I have recently started reading this this snooty art mag that comes out of Brooklyn, where most of the arrogant art scene lives these days. They're tucked in right above the neighborhood natives and family owned bakeries. The magazine is pretty exclusive but it also has just the right amount of strange bullshit in it to make me think that at least one person there is freaky enough and worth paying attention to. Way too many of us (ah, that would be artists) are so fucking eager to sell out that hardly anyone knows what it means to take a true creative risk that doesn't involve Flash, Photoshopping or an extremely over-designed layout. This magazine seems to be more of an equal collaborative effort. Anyway, I was on the subway home from work reading an article on Shit by Rob DeSalle. Specifically fossilized dino shit from the Jurassic period. While the whole article was absolutely fascinating, one sentence, in particular, stuck in my head.
"The largest fossil from this "defecation event" is about five feet long and two feet wide, and is tapered at both ends, a typical marker of a well-preserved coprolite."
See, the thing is I am about five feet long and two feet wide, and well, yes I suppose I could be described as "tapered at both ends". Made me think wow I am as big as dino shit. Awesome. I stopped reading, looked around the semi-crowded R-Train to Brooklyn, and smiled. It was fun and funny.
Obviously, I am not ready to be back from my big fat lesbian vacation. Hell no and I probably shouldn't even be in public. And my-oh-my what have I came back to? Oi, I cannot even begin to go into it. I love my new apartment, though. Love it, love it. Boxes are everywhere and in what is a complete first for me after three weeks I finally unpacked the stereo.
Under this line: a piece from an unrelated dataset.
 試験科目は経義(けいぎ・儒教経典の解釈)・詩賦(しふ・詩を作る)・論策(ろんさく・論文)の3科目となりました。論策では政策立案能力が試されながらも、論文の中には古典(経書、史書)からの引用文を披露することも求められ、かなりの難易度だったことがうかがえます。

Jasmine and I built the unit from Crate&Barrel and now the stereo is out in the daylight. Hello, neighbor!
The RNC protests start Sunday and this city is clamping down. ("Working for the clampdown But ha! Gitalong! Gitalong!") I saw a 70lbs overweight NYC cop standing on a crowded street corner, with a semi-automatic machine gun wrapped around his torso. He was picking shit out of his teeth with what I would like to think was a toothpick and watching the NYU girls walk down the street with their short skirts, flip-flops and surgically implanted cell phones. Then Jasmine told me that a rent-a-cop searched her purse the other day before he would let her INTO the Newport/Pavonia Mall. It is a fucking mall in NJ people. Let her blow it up.
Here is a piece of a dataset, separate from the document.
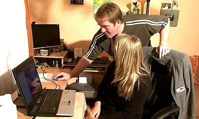 German swinger has quick three way on lunch break in adult cinema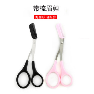 厂家批发 不锈钢眉梳剪 美妆小工具黑色修眉剪刀可拆卸梳子剪眉毛

But the real freak show has already started. The Village is starting to look, even more, eclectic would be the word I suppose, than usual. "They say" that over 200,000 protesters are coming here to scream at all of us. Deep down and walking around one can't easily tell who is a Democrat and who is a Republican so they are just going to scream at everyone. Great. Sunday, after moving Jasmine into her dorm room at 9 am in the morning, Martha and I will be driving back to New Jersey with an "Anybody but Bush" bumper sticker on our asses. Our own little silent scream on I-80.